"DGP": Słabsze media, słabszy opór
Ziobryści mają nowy pomysł utemperowania mediów. Jest nim danina od reklam - podaje "Dziennik Gazeta Prawna".
Zdaniem "DGP" pomysł opodatkowania reklam zrodził się w środowisku Solidarnej Polski, która była dotychczas najgorętszym orędownikiem dekoncentracji jako metody wywierania wpływu na media. Teraz - jak pisze dziennik - zmienia zdanie, bo dekoncentracja staje się coraz mniej realna, m.in. po ostatniej krytyce ambasador Stanów Zjednoczonych w Polsce Georgette Mosbacher.
Jako model daniny od reklam źródło "DGP" podaje podatek handlowy od obrotów z handlu detalicznego, który miałby obowiązywać od przyszłego roku. W przypadku mediów mechanizm działania byłby analogiczny: oprócz już obowiązujących danin firmy musiałyby odprowadzać określony procent obrotów ze sprzedaży czasu reklamowego, powierzchni reklamowej i reklam internetowych.

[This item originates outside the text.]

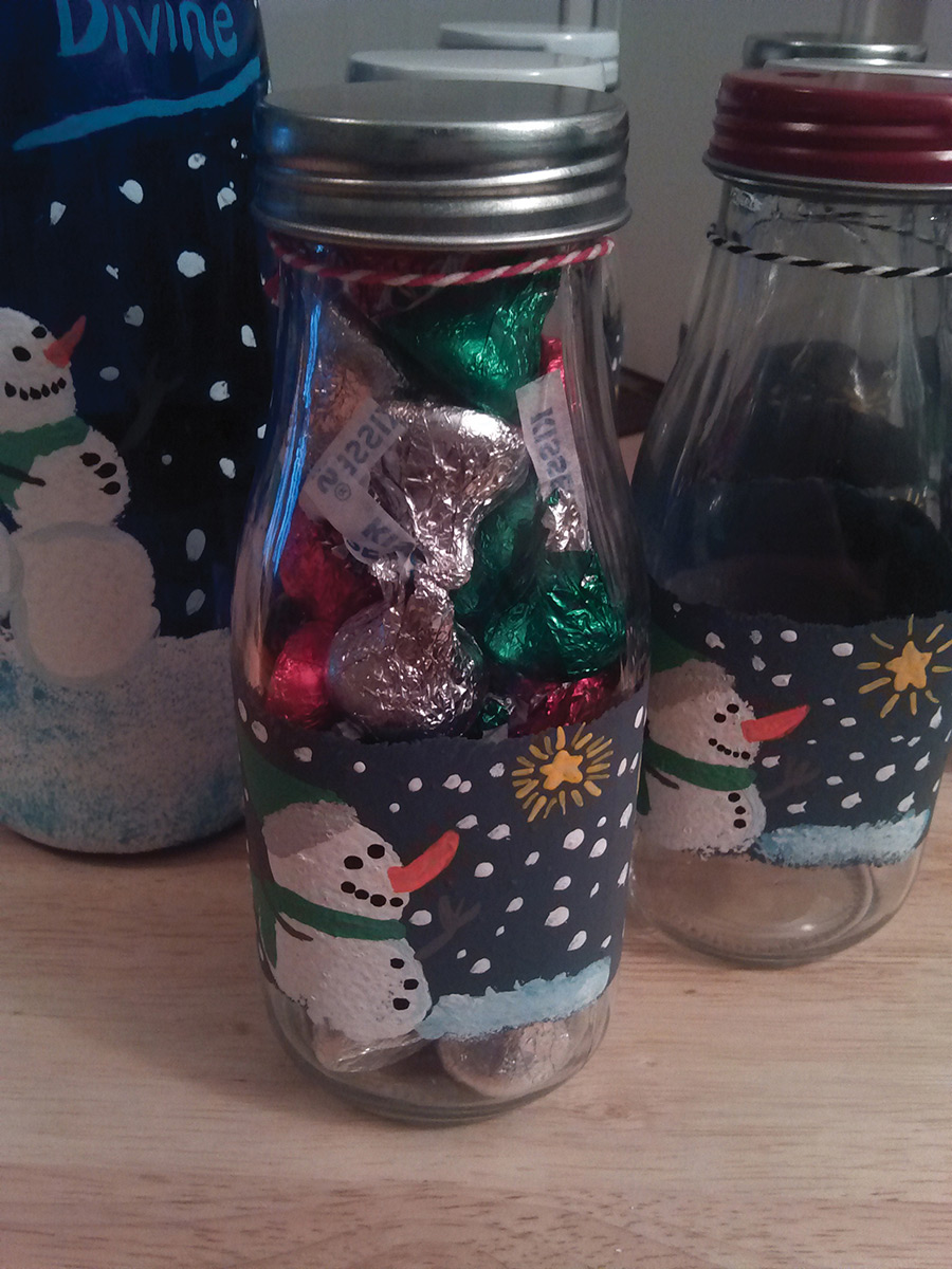 Using acrylic paint, decide on a design. Wine bottles are great for sharing your favorite quote or creating holiday décor. (They can also double as flower vase.) Recycling frappe bottles and glass milk bottles also makes for a great project or gift. You can fill the bottles with candy, paperclips, or even rubber bands.

"Ten podatek płaciłby każdy, kto sprzedaje reklamy: media braci Karnowskich tak samo jak TVN" - powiedziała gazecie osoba zbliżona do kierownictwa Solidarnej Polski. "DGP" zwraca uwagę, że danina najsilniej uderzy w najmniejsze media, które nie będą w stanie przerzucić jej na klientów.
"DGP" podkreśla, że podatek od reklam, podobnie jak podatek handlowy, też może się nie udać od razu, co nie znaczy, że nie uda się wcale. "Na początku pierwszej kadencji PiS na prawicy powstał pomysł założenia własnego domu mediowego, lokującego w mediach budżety marketingowe spółek Skarbu Państwa. Branża krytykowała go jako trudny do realizacji na już podzielonym rynku. A jednak pod koniec ub.r. PKN Orlen i PZU założyły agencję Sigma Bis, która w br. realizuje już kampanie reklamowe" - zauważa gazeta.